Apartments Problem

CSES problem link: Apartments

I first sorted both the applicant and apartment arrays. For applicant x, I want to select the least apartment that is within the range [x-k, x+k]. I take the smallest apartment i because if I choose j > i, there will be at most the same number of ways to give apartments to the remaining applicants. Since applicant y > x has y-k > x-k, j could overlap with the range [y-x, y+k] and limit the possibilities for applicant y. So the smallest apartment within the range of x is optimal.

I implement this using two pointers, as follows.

int main()
    int n, m, k;
    cin >> n >> m >> k;
    vi a(n), b(m);
    F0R(i, n) cin >> a[i];
    F0R(i, m) cin >> b[i];
    sort(all(a)); //applicants
    sort(all(b)); //apartments
    int count = 0, j = 0;
    trav(i, a) {
      // starting from j, what is the first apartment that works?
      while (j < m && b[j] < i-k)
      if (j == m) break;
      if (j <= i+k) {
        j++; // apartment is sold, look for a new one
    cout << count << endl;

This gives a wrong answer on many test cases.

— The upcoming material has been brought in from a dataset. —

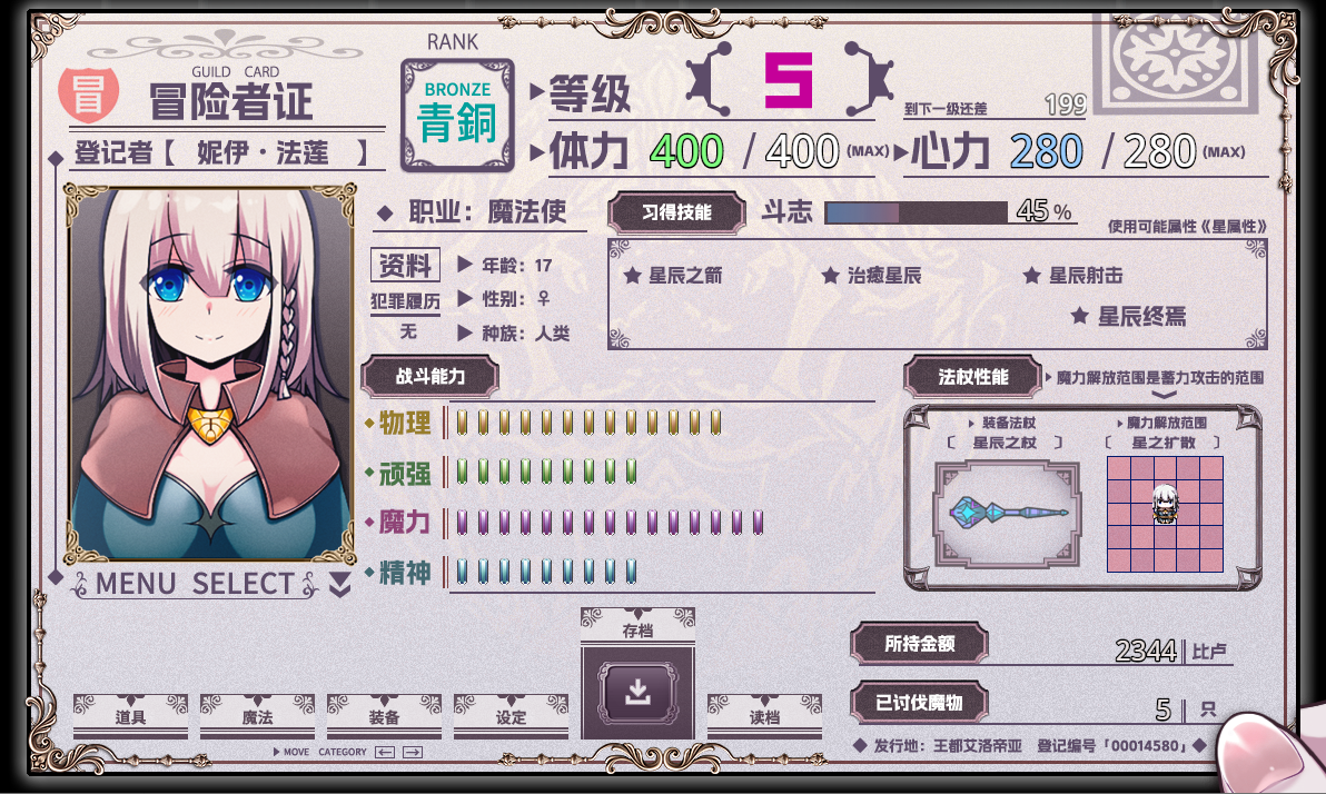 能够熟练使用杖术,以及自己命名的固有魔法—星辰魔法进行战斗。

Since I am weak at greedy algorithms, I want to be able to think of greedy methods myself. Please do not reveal the approach to this problem, but please explain why my idea is wrong and how I might start over. To be clear, I would appreciate a nudge in the right direction, not a full thought process.

Your idea is correct but this line should be
if(b[j] <= i+k)

Thank you! What a silly mistake. I learned that I need to be more careful and write "index j and apartment b[j]" if necessary. While debugging, I will also look over my code carefully to spot errors such as replacing an index with the array value of that index. Thanks for helping me with this.